Look through the data below for the line with "mais um internauta.", and transcribe it exactly together with each line after it up to and including the line with "Розвиваючі іграшки-брязкальця з". Give nothing else.

RECORDS FOR PROCESSING —
════════════════

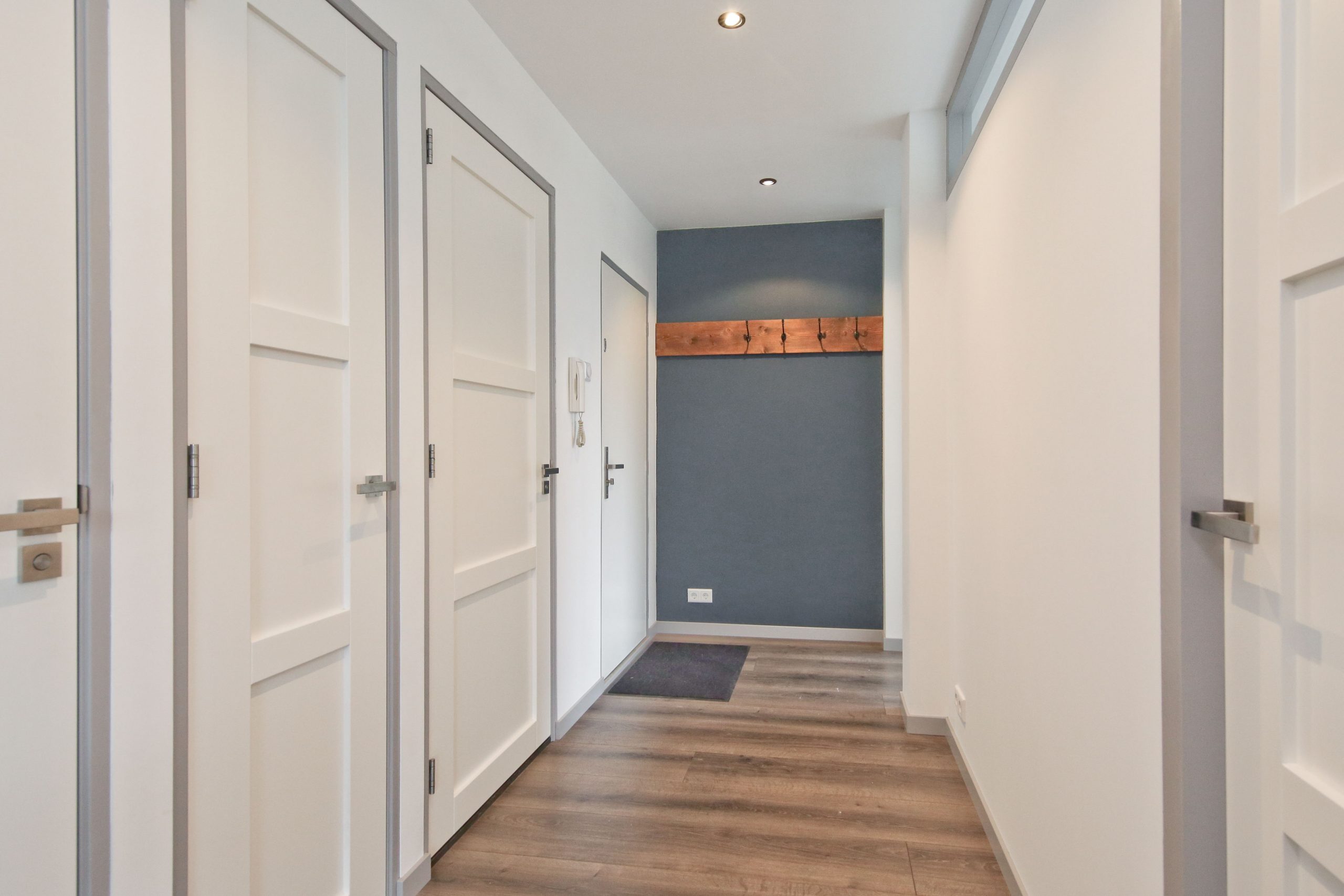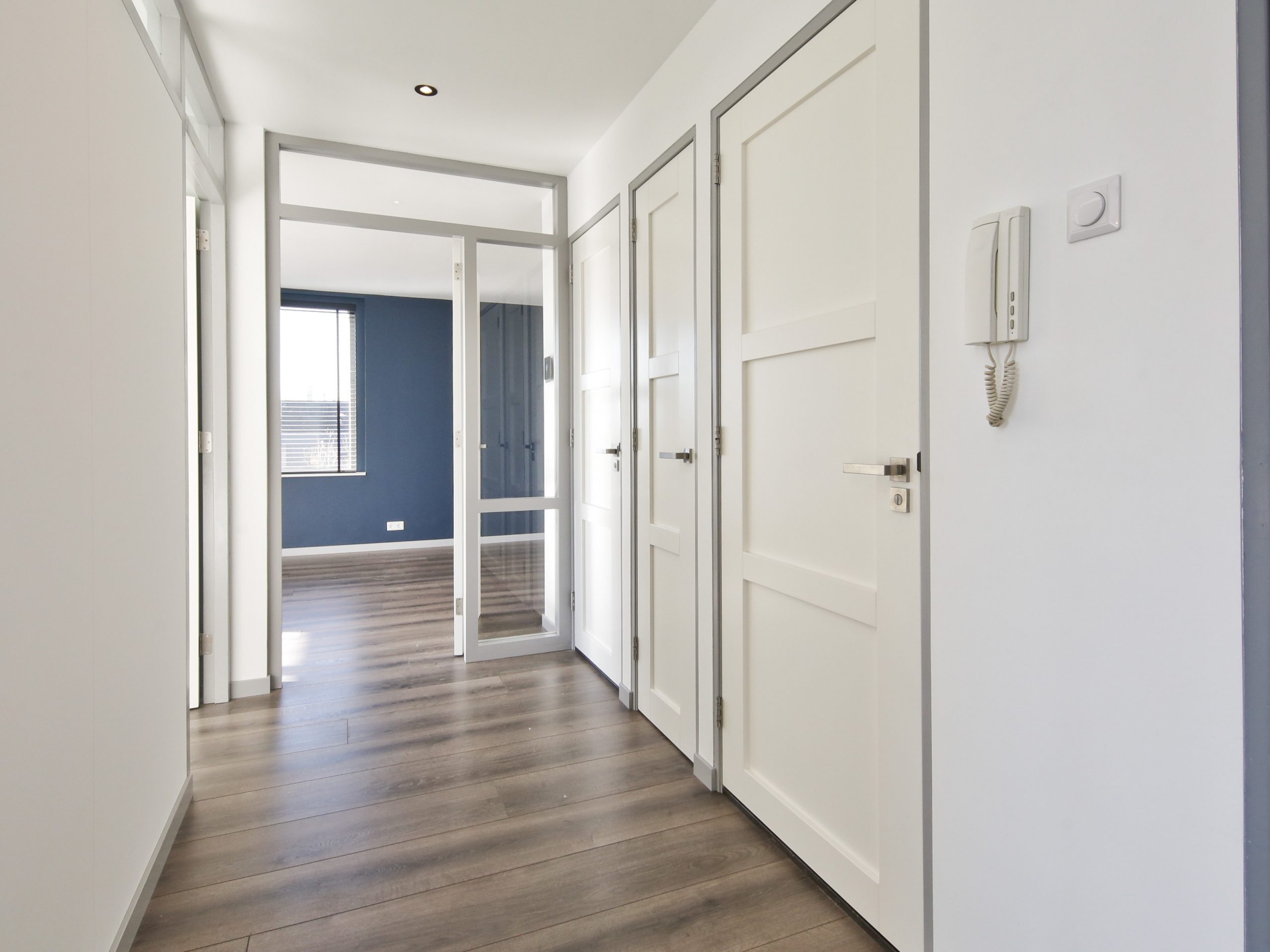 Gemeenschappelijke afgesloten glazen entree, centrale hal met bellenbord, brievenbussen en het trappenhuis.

════════════════

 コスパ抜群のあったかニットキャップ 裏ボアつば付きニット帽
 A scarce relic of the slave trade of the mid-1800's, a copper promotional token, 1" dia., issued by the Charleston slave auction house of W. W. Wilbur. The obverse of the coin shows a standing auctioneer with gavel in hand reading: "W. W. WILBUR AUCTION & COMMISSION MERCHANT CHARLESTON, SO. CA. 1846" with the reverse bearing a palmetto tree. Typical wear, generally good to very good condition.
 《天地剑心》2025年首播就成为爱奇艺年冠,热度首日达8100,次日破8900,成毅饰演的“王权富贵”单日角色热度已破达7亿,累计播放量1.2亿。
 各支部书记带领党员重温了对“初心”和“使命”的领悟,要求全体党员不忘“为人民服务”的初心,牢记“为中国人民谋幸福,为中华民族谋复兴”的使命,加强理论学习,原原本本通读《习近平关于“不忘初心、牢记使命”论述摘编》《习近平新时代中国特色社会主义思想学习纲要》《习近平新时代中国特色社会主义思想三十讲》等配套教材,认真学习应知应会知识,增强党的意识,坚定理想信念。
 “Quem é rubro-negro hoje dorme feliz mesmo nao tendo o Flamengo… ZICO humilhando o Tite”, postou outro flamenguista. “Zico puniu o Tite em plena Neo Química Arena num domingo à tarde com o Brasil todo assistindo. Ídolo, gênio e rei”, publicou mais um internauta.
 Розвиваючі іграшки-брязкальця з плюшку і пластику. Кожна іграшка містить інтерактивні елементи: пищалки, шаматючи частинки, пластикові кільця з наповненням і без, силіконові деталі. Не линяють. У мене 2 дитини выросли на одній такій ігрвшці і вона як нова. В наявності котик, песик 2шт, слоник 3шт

════════════════

SOLUTION TO THE EXERCISE —
 “Quem é rubro-negro hoje dorme feliz mesmo nao tendo o Flamengo… ZICO humilhando o Tite”, postou outro flamenguista. “Zico puniu o Tite em plena Neo Química Arena num domingo à tarde com o Brasil todo assistindo. Ídolo, gênio e rei”, publicou mais um internauta.
 Розвиваючі іграшки-брязкальця з плюшку і пластику. Кожна іграшка містить інтерактивні елементи: пищалки, шаматючи частинки, пластикові кільця з наповненням і без, силіконові деталі. Не линяють. У мене 2 дитини выросли на одній такій ігрвшці і вона як нова. В наявності котик, песик 2шт, слоник 3шт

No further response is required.